For both men, that passion comes from loved ones affected by cancer. Roberts lost his mother to the disease, and Gdovin’s mother is currently fighting Stage IV breast cancer.
While you might think you’ve never heard of tularemia, you probably have, Karl Klose said. While very few people come down with “rabbit fever” in their natural habitat, in its weaponized form, tularemia is one of the most potent biological weapons on earth, comparable to anthrax and the plague.
“It’s known to be a pretty significant weapon that can cause a lot of sickness and death,” Klose said. “[Anthrax, the plague, and tularemia] are kind of like the three evil brothers at the top of the list of the most dangerous bioweapons.”
Klose, who has a doctorate in microbiology, is the director of the South Texas Center for Emerging Infectious Disease, where groups study various viruses, fungi, parasites, and immune responses. “We’re always looking for the Achilles’ heel of these organisms,” Klose said.
The bacterium that causes tularemia, Francisella tularensis, is one of those organisms. In the rare cases that the disease is contracted from an animal host, it usually cures itself over time with few symptoms. However, if it gets into the lungs, which is how the weaponized aerosol version works, the mortality rate skyrockets to 30%-50%.
“When it gets into the lungs, it is a very, very serious disease,” Klose said.

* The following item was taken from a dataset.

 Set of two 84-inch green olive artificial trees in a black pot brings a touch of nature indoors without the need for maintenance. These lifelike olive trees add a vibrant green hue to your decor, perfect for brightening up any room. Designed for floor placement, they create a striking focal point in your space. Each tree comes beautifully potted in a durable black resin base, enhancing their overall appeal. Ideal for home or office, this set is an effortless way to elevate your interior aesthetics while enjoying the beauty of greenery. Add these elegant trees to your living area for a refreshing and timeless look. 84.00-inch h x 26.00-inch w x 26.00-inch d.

As early as World War II, Russia and Japan both showed interest in developing the aerosol version of the agent. The U.S. followed suit, and now the technology is more widely available.
“There’s a lot of uncertainty as to bio-threats around the globe. The fact that we don’t have any preventative measures against pulmonary tularemia is pretty unnerving,” Klose said.

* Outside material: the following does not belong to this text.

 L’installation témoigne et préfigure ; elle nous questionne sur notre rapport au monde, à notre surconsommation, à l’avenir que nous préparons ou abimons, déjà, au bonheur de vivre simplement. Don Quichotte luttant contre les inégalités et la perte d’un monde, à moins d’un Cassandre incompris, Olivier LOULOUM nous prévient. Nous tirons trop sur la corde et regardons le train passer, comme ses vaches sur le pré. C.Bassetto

Due to the bacterium’s classification as a Category A biological weapon, UTSA’s work on finding a vaccine for pulmonary tularemia happens under close scrutiny from the National Institutes for Health, Centers for Disease Control, FBI, and even local law enforcement. The lab had to prove that it had the capacity to monitor all contact with the samples with closed-circuit television and had to demonstrate the facility’s containment capacity. Once a year, the CDC comes to UTSA and checks the samples.

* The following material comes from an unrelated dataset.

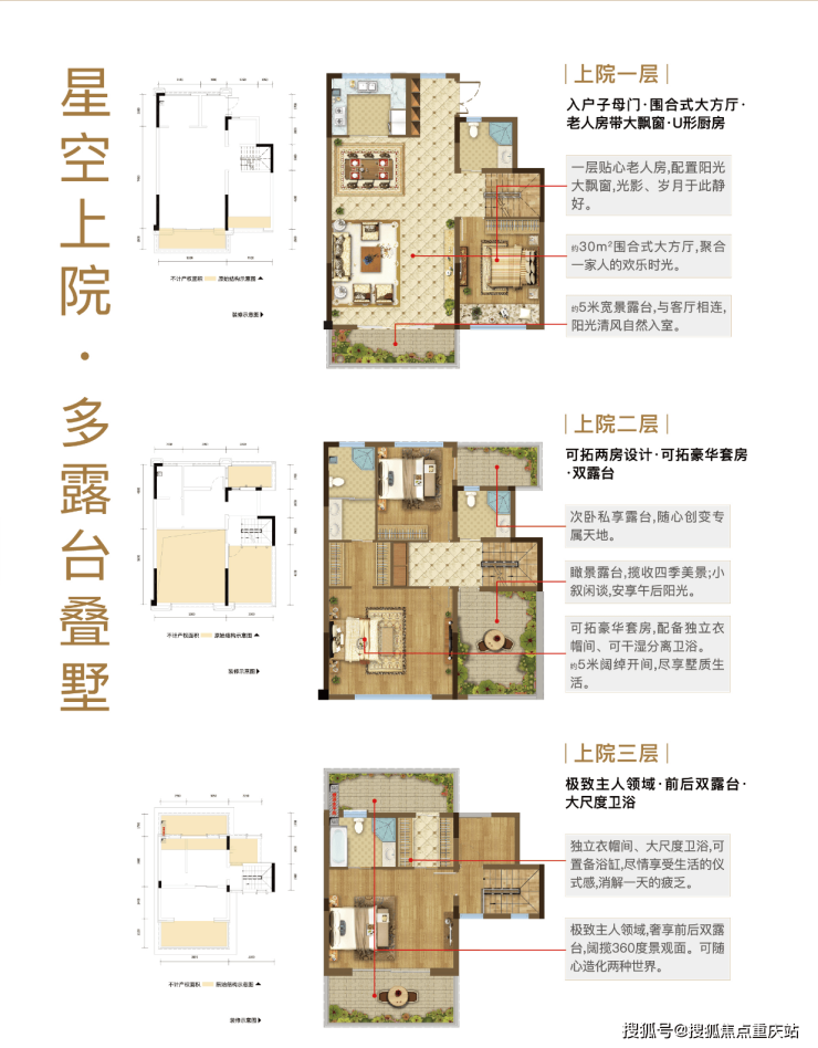 赠送露台50平左右,加挑空、飘窗阳台、空中花园赠送面积共计120平左右,层层有露台,电梯达车库。

Klose knows that he’s dealing with a worthy opponent, and that the government’s concern for the samples is well-founded.
“If bacteria can get around the very formidable human immune system, that means they have some very special tricks up their sleeve,” Klose said.
Francisella tularensis and its closest cousins survive by using a knife-like feature to destroy the body’s “Roomba-like” microphages, which isolate and destroy the bacteria. Klose’s vaccine aims to deactivate the knife feature so the body’s immune system can do its work. Crippling instead of killing the disease will actually strengthen the immune system, Klose said, because the immune system will still have to work.
He hopes that by developing a vaccine for pulmonary tularemia, using it as a biological weapon will become pointless. “Once you can prevent a disease, it becomes far less scary,” he said.
The work is challenging, but in a good way, he said. It’s difficult to test something that does not occur frequently in nature, and there’s no way to ethically run a clinical trial that would infect people with the deadly disease. Currently UTSA has the only researchers who have been allowed to test the vaccine on non-human primates, a gold-standard substitute which may be the furthest the trials can go. Once the vaccine has proven effective, it can be modified to treat anthrax and plague. The vaccine will likely always be very expensive and most useful to people at high risk of exposure to biological weapons, such as military populations or possibly even those living in densely populated areas that might be considered high-value targets, like Washington, D.C., or New York City. The disease cannot pass from human to human, so there’s little risk of an epidemic spreading beyond those in immediate contact with the agent.
For those concerned about vaccines in general, Klose can only speak for himself.
“If I can be vaccinated against anything, I am,” he said.